Il y a des émotions qu’on apprend à cacher dès l’enfance, tandis que d’autres sont permises … à certaines conditions, comme la colère. Il s’agit d’une émotion humaine, souvent volcanique et incomprise, mais aussi parfois mal dirigée. Aujourd’hui, j’ai envie qu’on s’arrête un moment pour parler de cette émotion, particulièrement celle vécue par les pères, parce que derrière cette émotion intense, il y a souvent beaucoup plus que ce qu’on croit voir.

Une émotion souvent permise . . . mais peu comprise

Chez les hommes, la colère est souvent la seule émotion autorisée. Pleurer, avoir peur, se montrer vulnérable? Trop souvent perçus comme des signes de faiblesse. Alors, la colère devient le masque. Elle devient ce qui reste quand toutes les autres émotions ont été interdites.

Mais la colère, ce n’est pas un problème en soi et elle peut même être saine. En effet, elle signale qu’une limite a été franchie, qu’un besoin est ignoré et qu’un sentiment d’injustice s’installe. Elle dit quelque chose d’important, mais faut-il pouvoir l’écouter.

Colère, agressivité et violence : ce n’est pas la même chose

Souvent, on confond la colère et la violence. Toutefois, il est important de les distinguer : la colère est une émotion, l’agressivité est un comportement et la violence est une intention de faire du mal. 

Cette confusion fait des ravages, puisqu’elle nourrit les stéréotypes et qu’elle empêche aussi beaucoup d’hommes de demander de l’aide, par peur d’être jugés ou perçus comme dangereux, alors qu’ils sont surtout en détresse émotionnelle.
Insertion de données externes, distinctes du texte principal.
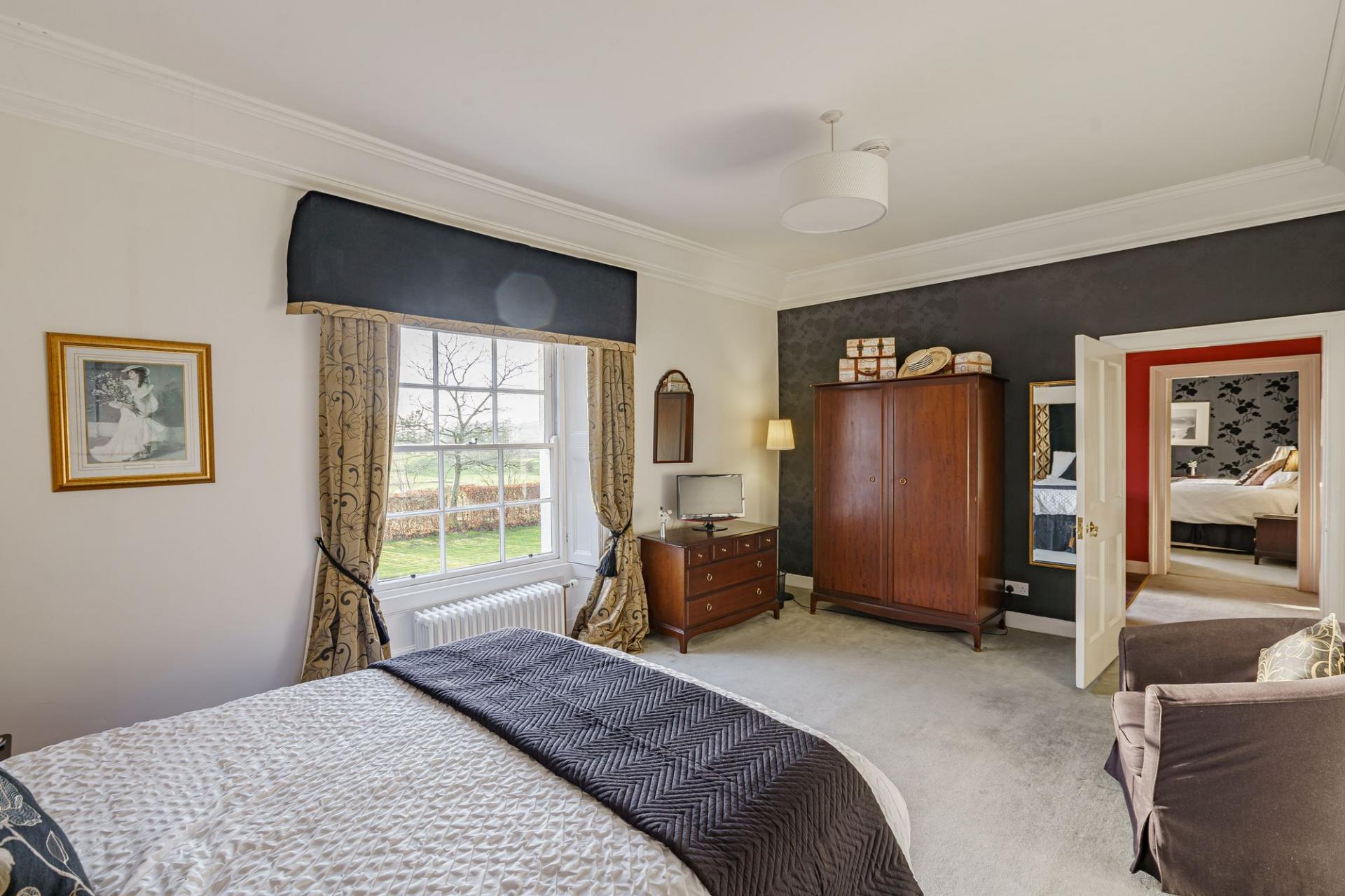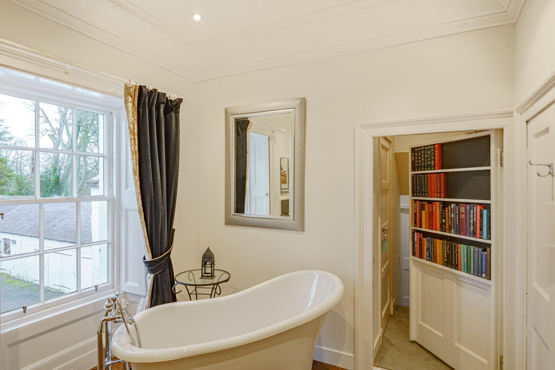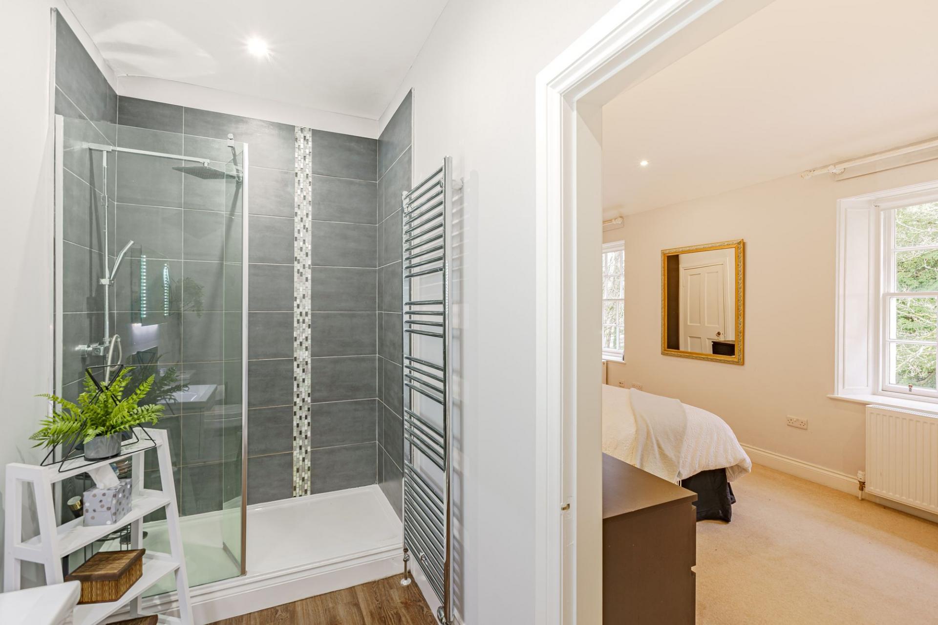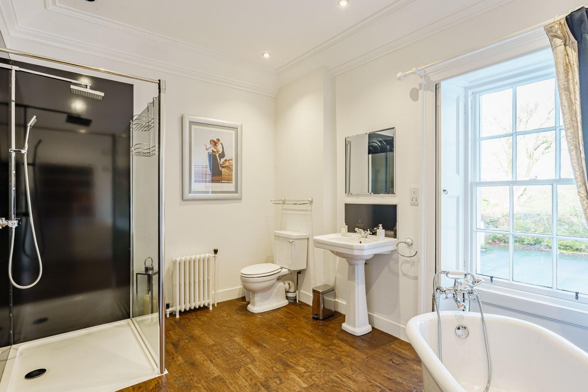 Holmhill’s first floor can be accessed by either of the two staircases. The principal staircase leads up to a bright and spacious landing with seating area and views over the paddock. There is a boxroom providing storage. The two double bedrooms accessed via this staircase are generous in size and enjoy ample natural light via their large windows. Both bedrooms enjoy spacious en-suite bathrooms, with free standing rolltop baths and separate showers. A hidden door from one of the bathrooms leads through to an inner landing, where two further double bedrooms (both with en-suite shower rooms) can be found. The secondary staircase then leads back down from this second landing to the ground floor. The configuration of the upstairs layout easily lends itself to being B&B accommodation, which the property has been run as in the past.

La colère est une émotion,
l’agressivité est un comportement
et la violence est une intention de faire du mal.
– Matthieu, travailleur social

Quand la colère est une couverture

La colère agit souvent comme un parapluie émotionnel. Elle recouvre d’autres émotions plus douces, plus vulnérables : la tristesse, la peur, la honte, la solitude. C’est parfois plus facile de dire « je suis en colère » que « je me sens impuissant ».

Mais à force de la laisser tout recouvrir, on finit par ne plus entendre ce que notre monde intérieur tente de nous dire. Et cette colère, au lieu d’être un messager, devient un mur.

Les déclencheurs de la colère sont souvent liés à l’épuisement, au stress, au sentiment d’injustice ou d’impuissance. Ce sont des expériences que beaucoup d’hommes vivent, sans toujours avoir les outils pour les décoder ou les exprimer autrement.

Et quand on devient père, ces déclencheurs se multiplient. Les nuits blanches, les responsabilités nouvelles, les attentes sociales élevées… La pression d’être un « bon père » peut devenir écrasante. Et la colère surgit, parfois sans prévenir, parfois contre ceux qu’on aime le plus.

Apprendre à apprivoiser sa colère

La colère ne naît pas dans le vide, elle s’inscrit dans une histoire que nous avons vue, entendue et intégrée. Elle nait des générations où on disait à un petit garçon : « Arrête de pleurer, sois fort », alors que la force, c’est justement de ressentir ses besoins afin d’y répondre.

Heureusement, les choses changent et de plus en plus d’hommes questionnent les stéréotypes. Ils veulent être présents pour leurs enfants, pouvoir être en colère, oui, mais aussi tristes, émerveillés, inquiets, vulnérables. Ils veulent être complets.

La colère ne disparaîtra pas et ce n’est pas souhaitable. Ce qu’on peut faire, c’est apprendre à l’apprivoiser, à reconnaître ses signaux avant-coureurs : tensions physiques, pensées en boucle, irritabilité.

On peut aussi développer des stratégies simples pour la réguler : respirer profondément, faire une pause, mettre des mots sur ce qu’on ressent et demander de l’aide. Parce que demander de l’aide, ce n’est pas un signe de faiblesse.

Et si on osait?

Parfois, c’est dans la colère qu’on retrouve nos limites. C’est dans l’intensité qu’on prend conscience de notre besoin de repos, de soutien, d’écoute.

Alors au lieu de la fuir ou de la craindre, apprenons à lui tendre l’oreille, mais surtout, tendons l’oreille à ceux qui, trop longtemps, n’ont pas eu le droit d’en parler.

Et si on reconnaissait que la colère, même si elle nous bouscule, a quelque chose à nous dire?